Regression analyses with SNPs for the additive model

graphic file with name nst042t3.jpg

Gray represents unstandardized betas that need to be exponentiated to interpret on a rate ratio scale (40). n = 155–165.

Pb, post-betrayal controlling for baseline.

*P < 0.05; **P ≤ 0.01.

After Bonferroni correction for multiple testing, the association of rs2268494 and initial rates of cooperation remained significant (P = 0.008). However, the low number of individuals with the AA genotype on rs2268494 (n = 4) led us to re-run the analysis, grouping those with the AA and AT genotypes (n = 30) and comparing them with participants with the TT genotype (n = 135). Individuals with either the AA or AT genotype defected significantly more often (i.e. they were less cooperative) during the initial cooperative regimen than those with the TT genotype (b = 0.44, SE = 0.17, P = 0.008). Exponentiating b = 0.44 (see Atkins and Gallop, 2007) results in a rate ratio of 1.55, which indicates that compared with individuals with no copies of the A allele on rs2268494, those with one copy or two copies of the A allele defected 55% more frequently during the initial rounds of cooperative play, but this relationship became non-significant after Bonferroni correction (P = 0.084).

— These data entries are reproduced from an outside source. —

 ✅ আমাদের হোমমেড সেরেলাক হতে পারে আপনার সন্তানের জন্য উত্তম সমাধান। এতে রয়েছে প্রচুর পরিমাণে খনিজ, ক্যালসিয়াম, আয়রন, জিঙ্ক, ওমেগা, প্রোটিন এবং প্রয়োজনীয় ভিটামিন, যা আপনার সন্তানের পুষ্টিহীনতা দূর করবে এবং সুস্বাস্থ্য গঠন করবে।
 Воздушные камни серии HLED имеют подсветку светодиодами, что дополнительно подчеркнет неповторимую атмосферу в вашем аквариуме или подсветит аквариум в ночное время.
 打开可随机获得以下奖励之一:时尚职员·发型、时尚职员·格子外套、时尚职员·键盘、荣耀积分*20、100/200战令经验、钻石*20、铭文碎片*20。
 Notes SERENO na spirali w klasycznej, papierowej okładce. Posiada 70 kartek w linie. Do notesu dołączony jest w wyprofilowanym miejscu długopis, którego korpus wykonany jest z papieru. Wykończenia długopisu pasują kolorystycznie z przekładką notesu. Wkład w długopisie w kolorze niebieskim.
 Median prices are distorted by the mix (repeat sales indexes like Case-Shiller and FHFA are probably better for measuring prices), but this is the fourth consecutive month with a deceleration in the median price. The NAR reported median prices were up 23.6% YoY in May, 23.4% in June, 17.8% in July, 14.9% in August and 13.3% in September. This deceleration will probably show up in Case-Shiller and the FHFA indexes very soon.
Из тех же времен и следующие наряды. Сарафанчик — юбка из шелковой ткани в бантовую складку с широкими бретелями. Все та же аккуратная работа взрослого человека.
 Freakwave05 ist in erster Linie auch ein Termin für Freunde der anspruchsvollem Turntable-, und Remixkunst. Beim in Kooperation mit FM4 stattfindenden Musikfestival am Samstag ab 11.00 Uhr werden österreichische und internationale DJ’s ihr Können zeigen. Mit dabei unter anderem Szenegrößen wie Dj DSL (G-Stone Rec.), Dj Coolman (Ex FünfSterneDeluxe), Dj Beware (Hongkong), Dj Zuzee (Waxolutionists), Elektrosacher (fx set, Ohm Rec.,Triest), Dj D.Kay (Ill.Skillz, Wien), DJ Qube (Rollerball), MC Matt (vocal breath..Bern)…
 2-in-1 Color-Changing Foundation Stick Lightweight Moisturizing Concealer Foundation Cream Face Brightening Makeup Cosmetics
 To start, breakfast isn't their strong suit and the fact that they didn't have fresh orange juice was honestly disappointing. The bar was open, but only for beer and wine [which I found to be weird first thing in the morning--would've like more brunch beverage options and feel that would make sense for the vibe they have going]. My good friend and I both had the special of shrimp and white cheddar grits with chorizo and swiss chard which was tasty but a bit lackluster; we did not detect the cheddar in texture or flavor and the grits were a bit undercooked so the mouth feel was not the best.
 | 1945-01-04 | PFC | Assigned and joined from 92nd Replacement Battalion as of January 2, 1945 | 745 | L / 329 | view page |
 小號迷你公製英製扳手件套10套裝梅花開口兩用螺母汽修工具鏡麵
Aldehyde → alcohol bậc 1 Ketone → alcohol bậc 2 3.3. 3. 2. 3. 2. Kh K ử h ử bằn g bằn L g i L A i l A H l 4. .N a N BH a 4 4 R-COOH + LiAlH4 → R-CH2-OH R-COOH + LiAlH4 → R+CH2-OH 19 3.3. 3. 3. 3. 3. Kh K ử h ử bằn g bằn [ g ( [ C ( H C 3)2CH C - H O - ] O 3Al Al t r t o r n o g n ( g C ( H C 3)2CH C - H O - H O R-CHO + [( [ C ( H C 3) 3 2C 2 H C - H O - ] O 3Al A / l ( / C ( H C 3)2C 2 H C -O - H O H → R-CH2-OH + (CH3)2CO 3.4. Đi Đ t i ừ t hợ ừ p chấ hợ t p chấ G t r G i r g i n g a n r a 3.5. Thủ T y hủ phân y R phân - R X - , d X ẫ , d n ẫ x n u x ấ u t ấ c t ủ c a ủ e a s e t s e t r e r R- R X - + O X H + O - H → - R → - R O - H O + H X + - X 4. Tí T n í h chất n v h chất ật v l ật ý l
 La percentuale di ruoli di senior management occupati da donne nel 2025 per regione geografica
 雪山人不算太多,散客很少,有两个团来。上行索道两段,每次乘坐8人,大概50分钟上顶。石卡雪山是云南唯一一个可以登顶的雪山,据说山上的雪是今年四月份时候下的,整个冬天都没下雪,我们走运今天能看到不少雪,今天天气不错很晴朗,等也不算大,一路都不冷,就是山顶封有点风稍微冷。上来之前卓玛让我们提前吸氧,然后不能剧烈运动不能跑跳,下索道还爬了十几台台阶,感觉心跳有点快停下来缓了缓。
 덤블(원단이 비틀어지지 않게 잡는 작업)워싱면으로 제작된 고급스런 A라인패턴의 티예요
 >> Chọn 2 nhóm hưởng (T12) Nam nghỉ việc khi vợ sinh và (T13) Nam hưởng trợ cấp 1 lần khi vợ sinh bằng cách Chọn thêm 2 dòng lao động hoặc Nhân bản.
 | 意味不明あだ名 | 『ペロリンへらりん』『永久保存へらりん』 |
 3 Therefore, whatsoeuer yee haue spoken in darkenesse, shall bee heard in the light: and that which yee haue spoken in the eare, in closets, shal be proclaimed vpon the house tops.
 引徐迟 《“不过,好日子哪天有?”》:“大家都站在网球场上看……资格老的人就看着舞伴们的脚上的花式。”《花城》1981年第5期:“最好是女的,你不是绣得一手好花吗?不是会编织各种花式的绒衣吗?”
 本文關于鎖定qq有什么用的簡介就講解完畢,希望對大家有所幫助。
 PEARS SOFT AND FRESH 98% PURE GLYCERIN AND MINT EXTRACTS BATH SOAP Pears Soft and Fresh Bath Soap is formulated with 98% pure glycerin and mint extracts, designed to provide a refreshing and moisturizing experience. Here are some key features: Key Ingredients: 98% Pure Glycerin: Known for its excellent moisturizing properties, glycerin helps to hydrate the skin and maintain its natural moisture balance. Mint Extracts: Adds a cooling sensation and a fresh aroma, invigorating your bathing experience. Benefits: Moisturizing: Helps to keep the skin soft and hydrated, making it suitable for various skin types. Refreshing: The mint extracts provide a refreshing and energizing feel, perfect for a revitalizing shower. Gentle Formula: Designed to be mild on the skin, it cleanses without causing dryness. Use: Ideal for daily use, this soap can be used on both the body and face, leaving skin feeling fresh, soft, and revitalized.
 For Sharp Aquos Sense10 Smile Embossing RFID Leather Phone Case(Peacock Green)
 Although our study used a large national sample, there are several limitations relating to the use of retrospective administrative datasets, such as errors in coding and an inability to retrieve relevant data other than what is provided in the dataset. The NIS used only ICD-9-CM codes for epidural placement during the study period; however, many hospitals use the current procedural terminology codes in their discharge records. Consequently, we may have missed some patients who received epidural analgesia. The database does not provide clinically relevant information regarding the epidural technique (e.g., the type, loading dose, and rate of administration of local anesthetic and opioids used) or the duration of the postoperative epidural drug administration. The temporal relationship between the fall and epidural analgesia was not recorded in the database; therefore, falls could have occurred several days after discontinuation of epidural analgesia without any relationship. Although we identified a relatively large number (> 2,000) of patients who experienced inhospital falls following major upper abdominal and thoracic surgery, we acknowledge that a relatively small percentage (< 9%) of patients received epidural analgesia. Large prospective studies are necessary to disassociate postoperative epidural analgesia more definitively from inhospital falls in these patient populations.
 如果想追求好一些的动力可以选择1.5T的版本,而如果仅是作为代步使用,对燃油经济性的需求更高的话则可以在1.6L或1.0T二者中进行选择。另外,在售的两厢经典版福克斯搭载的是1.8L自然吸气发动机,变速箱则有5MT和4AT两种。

Several associations with individual SNPs and post-betrayal satisfaction were nearly statistically significant after Bonferroni correction: The addition of the G allele on rs237887 (P = 0.056), the A allele on rs237897 (P = 0.064) and the A allele on rs53576 (P = 0.1) was associated with lower levels of self-reported satisfaction after betrayal, whereas the addition of the T allele on rs1042778 (P = 0.069) was associated with higher levels of self-reported satisfaction after betrayal. However, none of these associations or single-marker associations with post-betrayal anger was statistically significant after multiple test correction.

Multi-marker analyses

Two haplotype blocks were identified: Block 1 contained rs237887 and rs2268490, and Block 2 contained rs9840864 and rs2268494. Haplotype phase (frequencies of specific haplotypes across the sample) was estimated using PLINK (Purcell et al., 2007; http://pngu.mgh.harvard.edu/purcell/plink). Block 1 included the following haplotype rates: AC (F = 0.618), GC (F = 0.248) and GT (F = 0.133) (no AT haplotype was estimated). Block 2 included the following haplotype rates: GT (F = 0.725), CT (F = 0.171) and CA (F = 0.104) (no GA haplotype was estimated). Thus, two specific haplotypes within each block had frequencies>0.15. This resulted in analysis of a total of four haplotypes (AC and GC from Block 1; CT and GT from Block 2). We conducted separate regressions for each dependent variable (initial defection, delay of retaliation, satisfaction and anger). As in single-marker analyses, we used the additive model, in which a person could have zero, one or two copies of the specific haplotype under consideration.

As shown in Table 4, we found haplotype associations with delay of retaliation post-betrayal as well as post-betrayal anger and satisfaction. None of the haplotypes was associated with initial defection in either haplotype block.

Table 4.

Regression analyses with haplotype blocks

graphic file with name nst042t4.jpg

Gray represents unstandardized betas that need to be exponentiated to interpret on a rate ratio scale (40). Bold represents P < 0.05 after correction for multiple testing. n = 155–165.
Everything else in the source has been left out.